Travel Advisor Priorities Included in Year-End Government Spending Bill
Impacting Travel American Society of Travel Advisors (ASTA) Lacey Pfalz December 20, 2022

Following the late night passage of the Fiscal Year 2023 omnibus spending bill by the federal government on December 19, 2022, the American Society of Travel Advisors (ASTA) released a statement providing information on how it will positively impact travel advisors and the travel industry community as a whole.
The United States is currently the only G20 country in the world without a federal agency or cabinet-level official in charge of tourism policy.
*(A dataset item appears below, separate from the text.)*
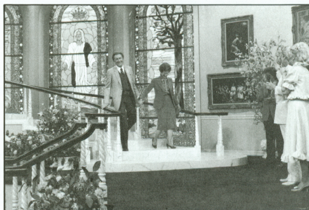
Dr. & Mrs. Roberts joined us as partners coast to coast joined in singing "Happy Birthday to You" Dr. Oral Roberts! What a joy to have them celebrate this special day with us! We love them so much.

The new spending bill includes the addition of an Assistant Secretary of Travel and Tourism within the U.S. Department of Commerce under its Visit America Act/Omnibus Travel and Tourism Act, something ASTA lobbied for this past summer during the ASTA Legislative Day when approximately 225 travel advisors and suppliers representing the organization shared their stories with Congress, leading the number of cosponsors for the bill to triple in the week to follow.
“During the COVID-19 pandemic, travel advisors had a front-row seat to the scattered nature of federal oversight of the travel industry. Contending with numerous federal agencies and ever-changing, and sometimes conflicting, rules regarding travel while struggling to keep their businesses alive put unnecessary and avoidable hardships on travel advisors,” said ASTA’s Executive Vice President of Advocacy, Eben Peck. “Creating a high-level leadership position within the federal government focused on travel industry concerns, as this legislation does, would protect the industry from unnecessary setbacks due to conflicting and confusing policy decisions in the future."
“Specifically, the legislation establishes an Assistant Secretary of Travel and Tourism within the U.S. Department of Commerce to provide high-level leadership, accountable to Congress, working effectively across federal agencies to develop and implement national strategies and policies that grow travel. Surprisingly, the U.S. is the only G20 country without a federal agency or cabinet-level official in charge of tourism policy. The bill would also require Commerce to develop and implement a COVID–19 public health emergency recovery strategy to assist the U.S. travel and tourism industry to quickly recover from the pandemic,” continued Peck.
The President of the United States has yet to sign the bill into law as of the morning of December 20, 2022.